Nor can a tenant, ostensibly the protected party, evade this policy by the expedient of entering private agreements purporting to take a lease out of the rent regulation schema. Rather, the Rent Stabilization Code emphatically makes clear that "[a]n agreement by the tenant to waive the benefit of any provision of the RSL or this Code is void" (9 NYCRR § 2520.13) requiring invalidation, on public policy grounds, even of a tenant's settlement agreement (Cvetichanin v. Trapezoid Land Co., 180 A.D.2d 503, 504, lv dismissed 79 N.Y.2d 933). As such, we have invalidated "sweetheart leases" that seek evasion of rent regulation requirements, even when such leases may be construed in a manner favorable to the tenants (see, e.g., Rima 106 v. Alvarez, 257 A.D.2d 201). The point is not to protect just a tenant, but to ensure the viability of the rent regulation system which protects tenancies in general, provides predictability to landlords, and significantly enhances the social, economic and demographic stability of New York City. Regardless of whether the tenant or the landlord makes the overture, we have developed consistent decisional law, in furtherance of this explicit policy, of prohibiting landlords and tenants from making private agreements to effectively deregulate applicable housing units (Urban Associates v. Hettinger, 177 A.D.2d 439, lv denied 79 N.Y.2d 759; Baron, supra; see also, Draper, supra). As we stated in Rima (supra, at 206), such a private transaction "injures the public by removing affordable housing from the market." The goal of ensuring an adequate supply of affordable housing "is frustrated when landlords and tenants attempt to contract around the regulated rent[s]" (Baron, supra, at 332). In Baron, we relied on Draper to note that an agreement to waive the primary residence provisions of the RSL is void as against public policy, and have just as clearly stated that the creation of such illusory tenancies renders the agreement invalid and unenforceable, and permits vacatur of a consent judgment entered in connection therewith.

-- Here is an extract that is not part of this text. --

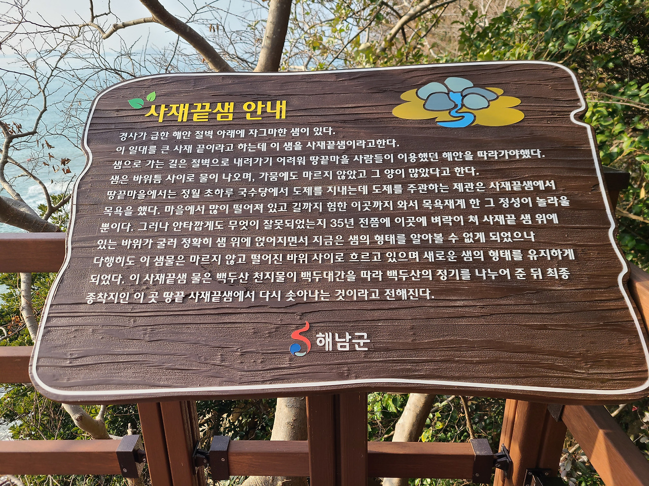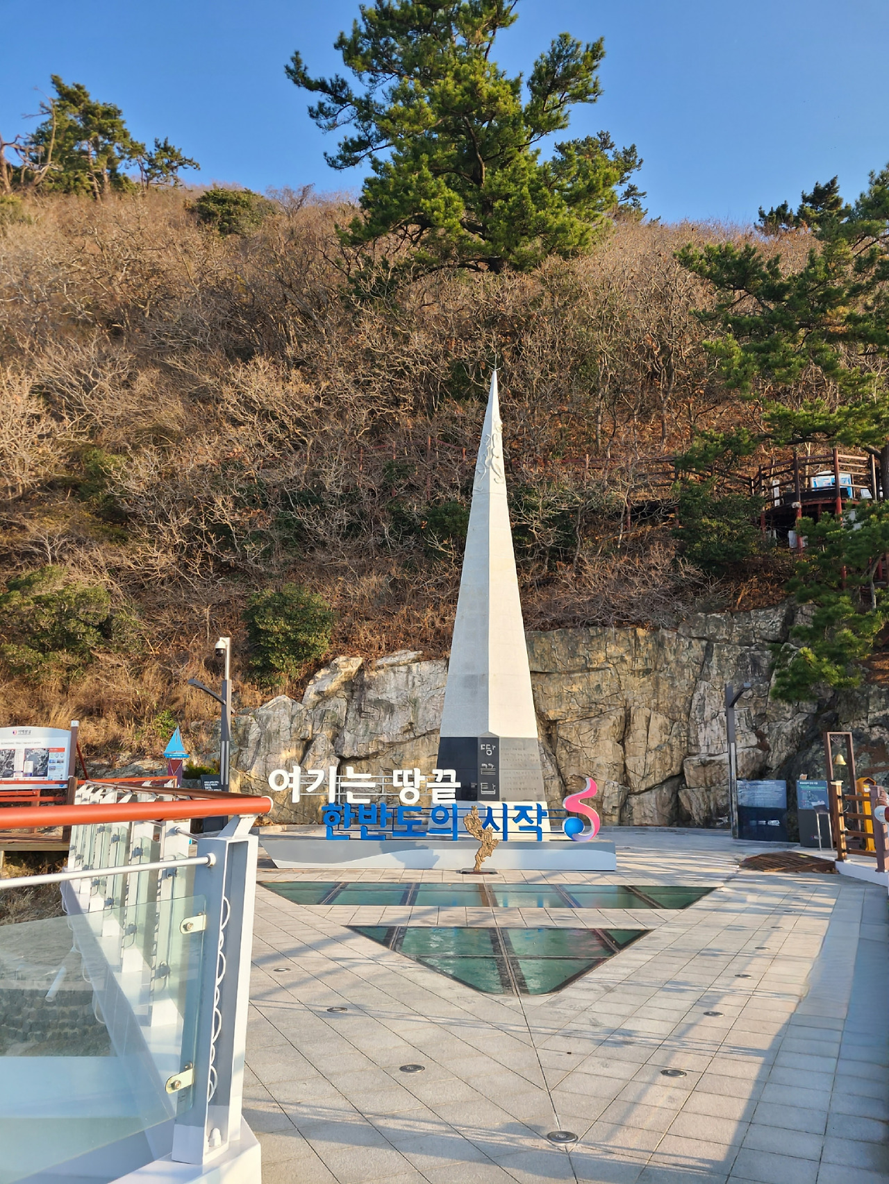따뜻한 지역이라 하지만 겨울 새벽은 춥다. 이른 시간 근처 편의점만이 오픈이다. 새벽 추위를 녹이는 커피 한 잔과 빵으로 아침을 해결하고 땅끝 탑 잔도길 걷는다. 해는 제법 많이 올라와 바다에 빛나고 우리의 말들은 데크 길로 굴러간다. 제 작년에는 산길 작년에는 공사 중이었던 잔도길이 환하고 편하게 우리를 안내한다. 혼자 일몰 감상 후 돌아오는 산길 무서워 달리던 중 분홍 스카프 하나 바람에 날린 지금은 폐쇄된 곳 아련하게 바라본다.

If we were to reach a contrary result and recognize the purported legality of the consent judgment in this case, we would not only act inconsistently with our own authority, we would also open the door to landlords and tenants privately agreeing to deregulate rent stabilized units, whether for their mutual advantage or plausibly at the landlord's behest, and to the indisputable diminution of the rent stabilization regime that has clearly benefitted New York City for so many decades. Such a result is untenable.
The landlord articulates a willingness to enter a rent stabilized lease with the present defendant-tenant predicated, though, on his maintaining a primary residence in that apartment. However, the rent for any renewal lease for this unit must be set in the amount of the legal stabilized rent at the time the parties entered the initial deregulated lease.
Accordingly, the order of the Supreme Court, New York County (Diane Lebedeff, J.), entered May 18, 2001, which denied plaintiff-landlord's motion to vacate a 1988 consent judgment purporting to recognize and validate the non-primary residence status of the subject apartment, should be reversed, on the law, without costs, and the motion granted.
THIS CONSTITUTES THE DECISION AND ORDER OF THE SUPREME COURT, APPELLATE DIVISION, FIRST DEPARTMENT.